L’obèse, martyr contemporain
février 2010
Pour qui s’intéresse aux questions de santé, il y a souvent de bonnes surprises dans les livraisons de la revue Esprit, qui ne s’y consacre pourtant pas particulièrement, se voulant « généraliste ». Ainsi, le numéro de février 2010 propose un avant-goût du livre de Georges Vigarello, consacré à l’obésité. Alors que dresser un tableau des nombreuses causes de l’épidémie semble relever d’un « savoir opaque, hétérogène », intriquant facteurs génétiques et environnementaux, le philosophe insiste ici sur la distinction à établir entre « les stratégies de minceur », qui relèvent d’une image idéale du corps privilégiant la maigreur des mannequins, et les « stratégies de lutte contre l’obésité », qui peuvent d’ailleurs succéder aux premières.
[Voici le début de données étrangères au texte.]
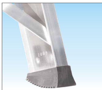
Base rinforzata con nervature anti-urto e piedini ad innesto anti-distacco

Unito al montante verticale mediante robusta saldatura ad angolo nascosta alla vista a garanzia della massima stabilità e di lunga affidabilità nel tempo
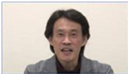
講義動画サンプル

講義動画をストリーミング再生で視聴できます。レジュメも講義の内容に合わせて、画面に表示されます。
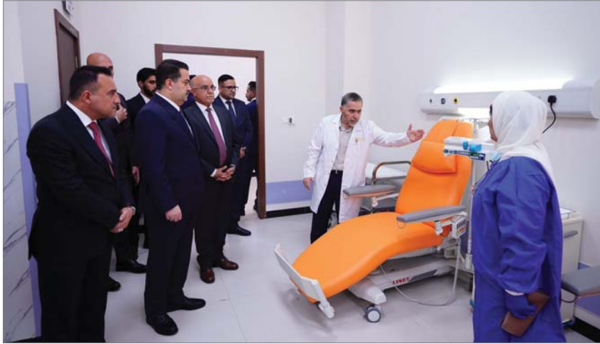
● رئيس الوزراء الحكومة وضعت التخصيمات الأزمات لتأمين احتياجات القطاع الصحي
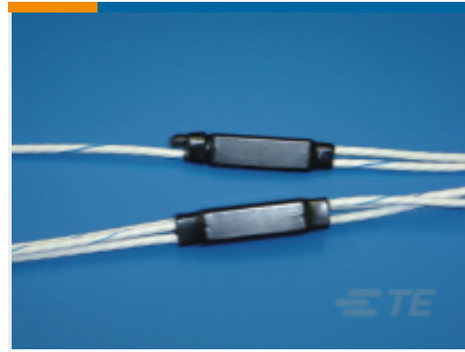
TE 产品编号CW0499-000 D-500-L458-2-4Y3-120
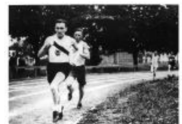
Wielki sportowiec, żołnierz i patriota.
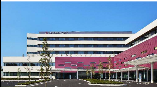
【宮崎市郡医師会病院 正面外観】

1984年4月に会員の紹介入院を主体にした共同利用施設・開放型病院として開院し、会員（開業医）との密接な連携を図りながら、地域の基幹病院として急性期疾患を中心とした医療を担っています。
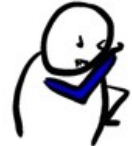
În mânăcă sau cot
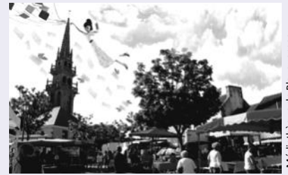
Médiathèque de Plouguerneau

Cet été, la bibliothèque est présente sur le marché de Plouguerneau, devant l'Office de tourisme.
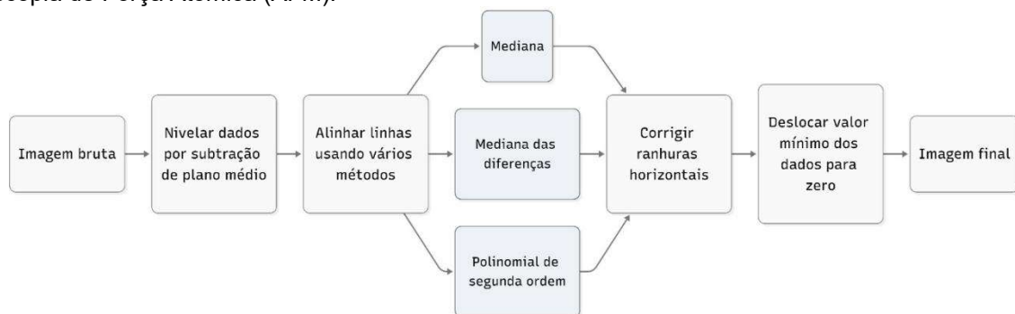
Figura 1: O fluxograma representa o procedimento de pós-processamento aplicado às imagens obtidas por Microscopia de Força Atômica (AFM).

Subsequentemente as imagens foram analisadas com auxílio de diferentes inteligências artificiais (Gemini, ChatGPT, DeepSeek, Microsoft Copilot e Claude), utilizando prompts padronizados para garantir imparcialidade. Observou-se que o DeepSeek apresentou limitações, não conseguindo interpretar imagens sem texto ou contexto, enquanto ChatGPT, Gemini e Claude realizaram análises diretamente a partir de imagens TIFF. Inicialmente, utilizou-se o formato TIFF pela sua maior qualidade, mas, como o Copilot não o suporta, os testes foram adaptados para PNG, que apresentou resultados semelhantes. Assim, padronizou-se o uso de PNG para melhor comparação.
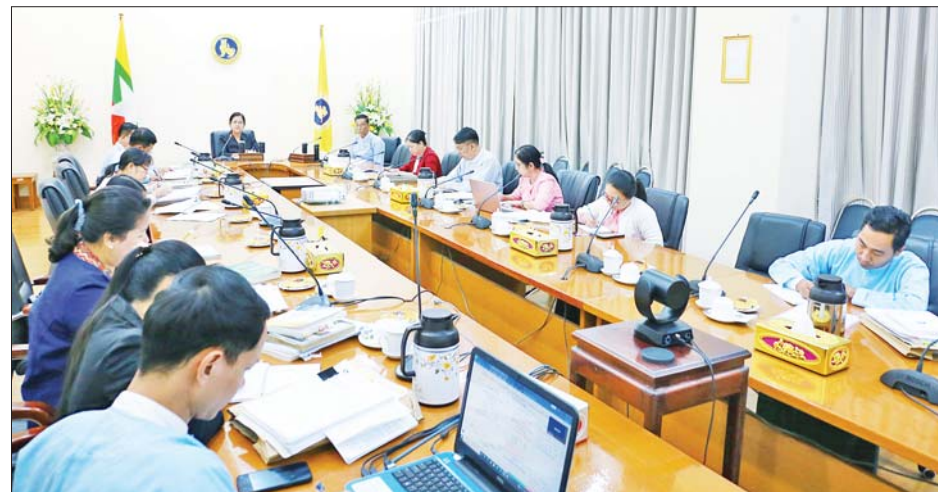
ctions Law) (မူကြမ်း) ကို ပြဋ္ဌာန်း စီမံကိန်းနှင့် ဘဏ္ဍာရေးဝန်ကြီး နိုင်ရန် ၂၀၁၈ ခုနှစ်မှစတင်၍ ညွှန်ကြားရေးဌာန၊ ဥပဒေရေးရာဝန်ကြီးဌာန၊ ဆောင်ရွက်ခဲ့ပါကြောင်း။ ပြည်ထောင်စု စာရားလွှတ်တော် ထိုသို့ ဆောင်ရွက်ရာတွင် ချုပ်ရုံး၊ စက်မှုဝန်ကြီးဌာန၊ ရင်းနှီး မြှုပ်နှံမှုနှင့် ကုမ္ပဏီများညွှန်ကြားမှု ဦးစီးဌာန၊ မြန်မာနိုင်ငံတော်ဗဟို ဘဏ်နှင့် မြန်မာနိုင်ငံဘဏ်များ အသင်းတို့မှ အဖွဲ့ဝင်များပါဝင်

နေပြည်တော် ဒီဇင်ဘာ ၁၈ ရွှေပြောင်းနိုင်သော ပစ္စည်းကို အာမခံထား၍ ငွေချေးခြင်းဆိုင်ရာ ဥပဒေ (Secured Transactions Law) အဋ္ဌမ(မူကြမ်း)နှင့်စပ်လျဉ်း သည့် အစည်းအဝေးကို ယနေ့ မွန်းလွဲပိုင်းတွင် မြန်မာနိုင်ငံတော် ဗဟိုဘဏ်၌ ကျင်းပသည်။ အစည်းအဝေးတွင် မြန်မာ နိုင်ငံတော် ဗဟိုဘဏ်ဥက္ကဋ္ဌ ဒေါ်သန်းသန်းဆွေက မြန်မာနိုင်ငံ တွင် ရွှေပြောင်းနိုင်သောပစ္စည်း ကို အာမခံထား၍ ငွေချေးနိုင်သည့် ဥပဒေအခြေခံတစ်ရပ် ရှိစေရန် အတွက် ရွှေပြောင်းနိုင်သောပစ္စည်း ကို အာမခံထား၍ ငွေချေးခြင်း ဆိုင်ရာဥပဒေ (Secured Transa-
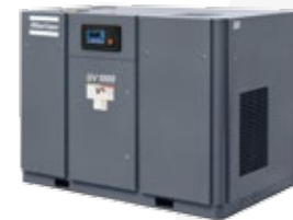
GHS 630-4800 DE TORNILLO ROTATIVO
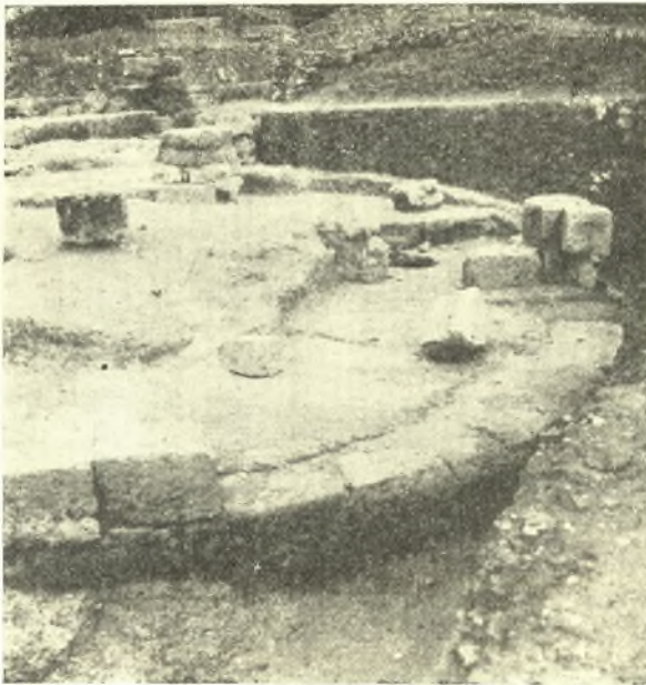
Εἰκ. 7. Ἡ βάση τοῦ πεταλοειδοῦς πύργου μετὰ τὴν ἀπομάκρυνσιν τῶν πέριξ χωμάτων.

Κατὰ τοὺς τελευταίους μῆνας τοῦ 1954 ἀνεσκάφη τὸ δυτικώτερον μέρος τοῦ τμήματος, εἰς μῆκος 26 μ. ἀπὸ τοῦ προηγουμένως ἀποκαλυφθέντος πεταλοειδοῦς πύργου, μέχρι τοῦ εἰρημένου νοσοκομείου, παρὰ τὸ ὁποῖον ἐσταμάτησε κατ' ἀνάγκην ἡ ἀνασκαφή. Οὕτω τὸ σύνολον τῆς ἀποκαλυφθείσης ὀχυρώσεως ἀνῆλθεν εἰς 85 μέτρα.
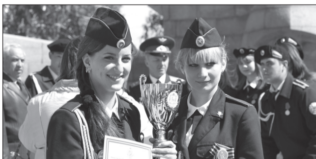
«ЛЮБОВЬ К ИСТОРИИ ОТЧИЗНЫ»
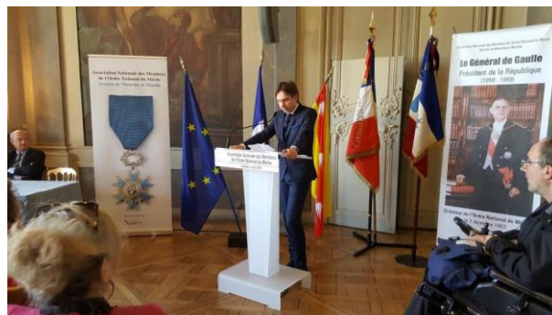
Allocution du Directeur de Cabinet de Monsieur le Préfet
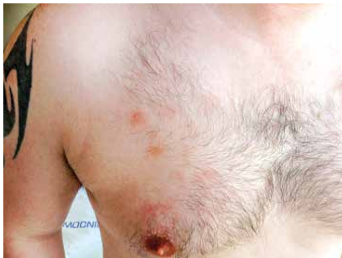
Obr. 3. Detail kožní léze na trupu, stav po zahájení předfáze kortikosteroidy

přípravném režimu s redukovanou intenzitou (RIC) Flu + Mel + TG (fludarabin 150 mg/m 2 , melfalan 140 mg/m 2 , thymoglobulin 4,0 mg/kg), byl 23. 7. 2015 proveden převod štěpu s obsahem 4,29 x 10 6 /kg CD34+ a 2,65 x 10 8 /kg jaderných buněk. Komplikací v potransplantačním období byl rozvoj klostridiové enteritidy (pozitivní klostridiový toxin i antigen) s promptním ústupem potíží na terapii metronidazolem per os. Další průběh hospitalizace byl již bez potíží. Nemocný byl propuštěn v den +25 po transplantaci ve stabilizovaném stavu do ambulantní péče. Prevence GVHD ( graft-versus-host disease ) byla zajištěna kombinací cyklosporinu A (CyA) a mykofenolát mofetilu (MMF). Aplikace CyA byla zahájena v den -1 před transplantací v dávce 6 mg/kg denně a následně korigována, s cílem udržet v časném potransplantačním období hladinu 200–300 ng/ml. Při absenci jakýchkoliv známek GVHD byla redukce CyA zahájena v den +56 s cílem pozvolného vysazení do dne +110 až 130 po TKB při remisi základního onemocnění a 100% dárcovském buněčném chimérismu. Podávání MMF bylo zahájeno v den +1 v dávce 30 mg/kg/den, s redukcí a postupným vysazením mezi dny +29 a +56.
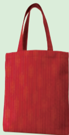
新区民会館ホールの座席の生地を使用したトートバッグ（区外の方限定のお礼の品）▶

◀ 寄附へのお礼として、区民会館エントランスホール（左図）のレリーフ裏の銘板への氏名掲出や、工事現場見学ツアーをご希望いただけます（区民の方もお選びいただけます）
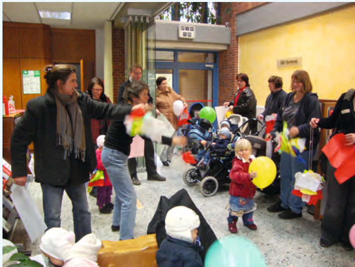
Staunen über immer neue Geräusche: Blitz und Donner aus Papier

Am 1. November fand das wöchentliche Treffen der AWO-Eltern-Kind-Gruppe „Mückie“ mal anders statt. Die Mitarbeiterinnen vom Kunstraum Tosterglope waren zu Gast und veranstalteten mit den kleinen und
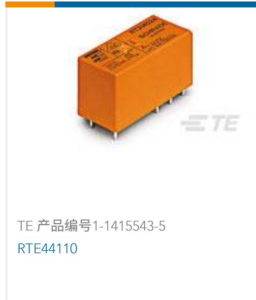
TE 产品编号1-1415543-5 RTE44110
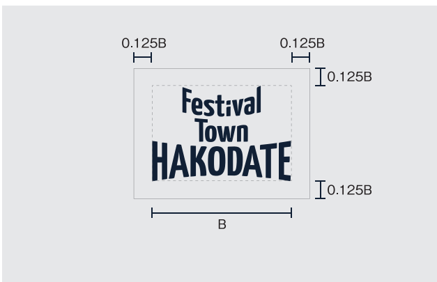
ロゴマークのみ (補足文字なし)

ロゴの識別性や印象を確保するためには、周辺の他の要素から独立するための十分な余白をとる必要があります。その分離スペースの最小基準を「アイソレーションスペース」と呼び、可能な限りこのスペース以上の余白を設けてください。
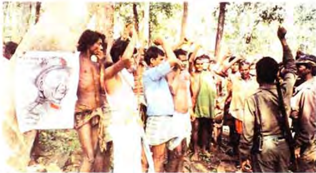
Versammlung im Dorf mit Adivasi und Maoist/innen

Die Arbeit, die Arbeiter-Bauern-Allianz aufzubauen und zu unterstützen, sollte in allen Gebieten unserer Arbeit in der Arbeiter/innenklasse aufgenommen werden. So soll in den Metropolen, welche von den ländlichen Gebieten und dem landwirtschaftlichen Kampf mehr oder weniger abgeschnitten sind, der Hauptfokus auf der kontinuierlichen Bildung und Propaganda liegen, um das Bewusstsein der Arbeiter/innen zu stärken. In den Städten in und nahe den Guerilla-Zonen, wo die Massen der Arbeiter/innen und Bäuer/innen eng verknüpft sind, kann der Fokus auf konkrete Fragestellungen und praktische Hilfe für die Bewegungen liegen. Verschiedene Organisationen spielen hier verschiedene Rollen.
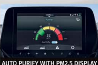
AUTO PURIFY WITH PM2.5 DISPLAY
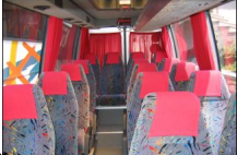
Mercedes-Benz Sprinter 416

Elles ont en commun de montrer que le corps est devenu le support identitaire de l’individu contemporain (« Je suis mon apparence »), ce qui le conduit à une « exploration totalement inédite, où le sujet prétend se découvrir lui-même dans ce qu’il éprouve physiquement et ce qu’il ressent ».
Mais son corps trahit l’obèse trois fois. Il le désigne comme objet de dépréciation de la part des autres comme de soi-même, les tentatives pour redonner du lustre au « gros » restant assez marginales. Il résiste aux tentatives d’amaigrissement, livrant la personne à l’accusation d’être incapable de se maîtriser (« le manque de volonté »). Enfin, et peut-être surtout, il dévoile une ambiguïté fondamentale du sujet : le désir et la peur de changer, être un autre en restant soi-même. Pour Vigarello, l’obèse « pousse à l’extrême un paradoxe central de l’identité contemporaine : être conduit à s’identifier de part en part à son propre corps, alors même que ce corps est autre et soi. » Il est d’ailleurs tentant d’extrapoler cette analyse aux comportements addictifs, en évoquant par exemple, la phrase célèbre de Marguerite Duras : « Je suis une alcoolique qui ne boit plus. »
Georges Vigarello. L’obésité, mal identitaire, mal sournois. Esprit, février 2010.
Les métamorphoses du gras, histoire de l’obésité. Seuil, 2010.